Absolutely not. The users needs are the dbms' raison d'etres.

> I don't know what the question is, so
> how can I possibly be expected to know what query will
> answer it?

If you read the description of the problem and still don't know what the question was, the ultimate problems lies in your lack of comprehension of written english.

> >>The question he asks is not well-defined.
> >>
> >>
> >
> >Sure it is. Table 'P' states which parts exist. ( ie. Part P# has name
> >PNAME) Table 'SP' states which suppliers supply which parts. ( ie.
> >S# supplies part P#)
> >
> >
> You've lost me now. For Date to successfully argue against multisets,
> he must start with meaningful data.

He did. As I noted above, the apparent problem lies in your incapacity to read and comprehend written english.

> The four rows of P are meaningful
> if table P describes a bag containing three screws of type P1 and one
> screw of type P2. The three rows of SP, however, either do not represent
> any real-world relationship between suppliers and parts, or they represent
> such a relationship incompletely (attributes being missing), or they are
> a good
> representation of something that Date fails to point out.

Hey, you are the one arguing for multisets. Arguing that they are nonsense is my position.

'Stock on hand' is as good a meaning as any for the multiplicity in SP.

> A table of
> Parts should allow duplicate parts (if we're using multisets), but a
> table stating
> who supplies which parts should not be permitted to store the same fact
> twice,

What if the supplier has two of the part on hand? What if the supplier supplies the part from two locations?

If duplicate parts rows have meaning, duplicate anything has meaning.

> There's nothing wrong with allowing one table to be a bag but
> constraining another
> table to be a set.

If you are a proponent of multisets, then there shouldn't be anything wrong with allowing both to be bags either.

> Table P's three P1 rows unambiguously represent the
> existence
> of three P1 screws (just as multisets don't permit the
> distinguishability of duplicates,
> there's no requirement, as one might impose for sets, that three
> separate facts be
> identified - the point is that the implementation works). The presence
> of only
> two such rows would represent a different situation, and so not only do
> the three
> rows unambiguously describe the existence of three P1 screws, there is
> no other
> way to represent three P1 screws with a different collection of rows in
> table P.
> But what do the two identical rows in SP represent that is distinct from
> situation that one fewer such row would represent?
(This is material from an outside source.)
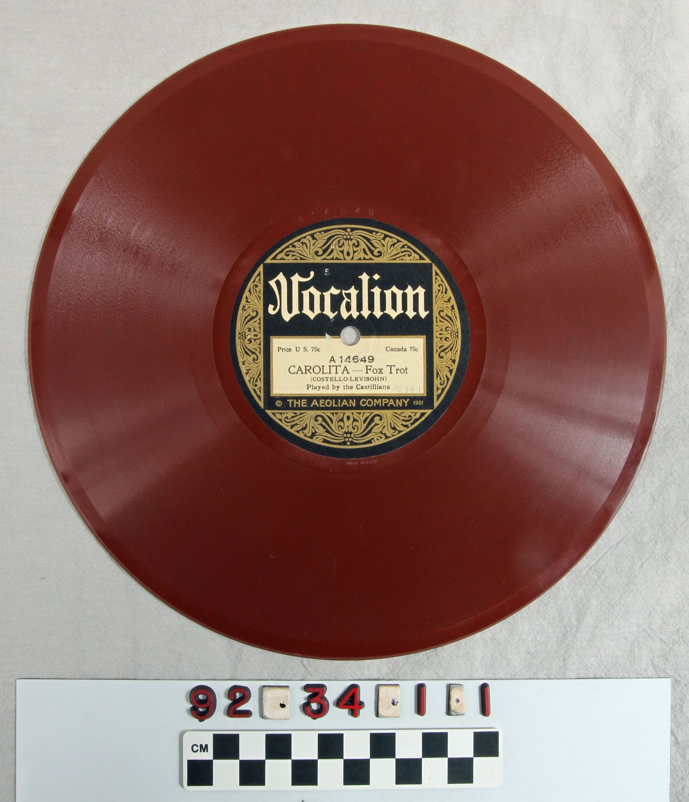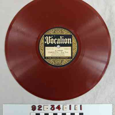 Rust colored record with gold and black printed label in center, two-sided, side A features Carolita - fox trot and side B features Sweet Carmen - tango. On side B - "Vocalion"/PRICE U.S. 75c CANADA 75c/B 14649 SWEET CARMEN/TANGO/(ARTHUR)/PLAYED BY MAX DOLIN'S ORCHESTRA/THE AEOLIAN COMPANY 1921"; side B - "VOCALION/PRICE U.S. 75c CANADA 75c/A 14649/CAROLITA - FOX TROT/ (COSTELLO-LEVISOHN)/PLAYED BY THE CASTILLIANS/THE AEOLIAN COMPANY 1921".

I have already explained it could mean 'stock on hand' or that the supplier supplies the part from multiple locations. Take your pick.

> You've provided two
> possible answers below, and the meaning of the query hinges on what
> state is represented by the data in the tables.

I could also suggest that the duplicate rows in P represent the number of customers who purchase the part. In this case, we know that three customers purchase P1. It's an equally valid use of multiplicity. Saying that duplicates can mean one and only one thing is just dumb. Either multisets are generally useful or they are not.

> I think Date's query question is open to interpretation, assuming one
> allows a
> query result to contain duplicates.

If that is your position, then it means users must have expert level knowledge of the dbms internals to know which of the queries represents their given interpretation.

What interpretation would apply to each of the twelve queries? Or to make things easier, what interpretation would apply to each of the nine answers? Or to make thing easier still, of the two interpretations I gave previously for SP, which of the nine answers is correct, which of the twelve queries is correct, and what process will users follow to compose a correct query?

> It could be a request for a subset
> of the
> part names domain,

All of the requests are for submultisets of the part number domain. That's quite explicit in the stated problem.

Since you are arguing in favour of multisets, you should be able to explain the nine different results and how users should know how to express the correct query for their specific needs.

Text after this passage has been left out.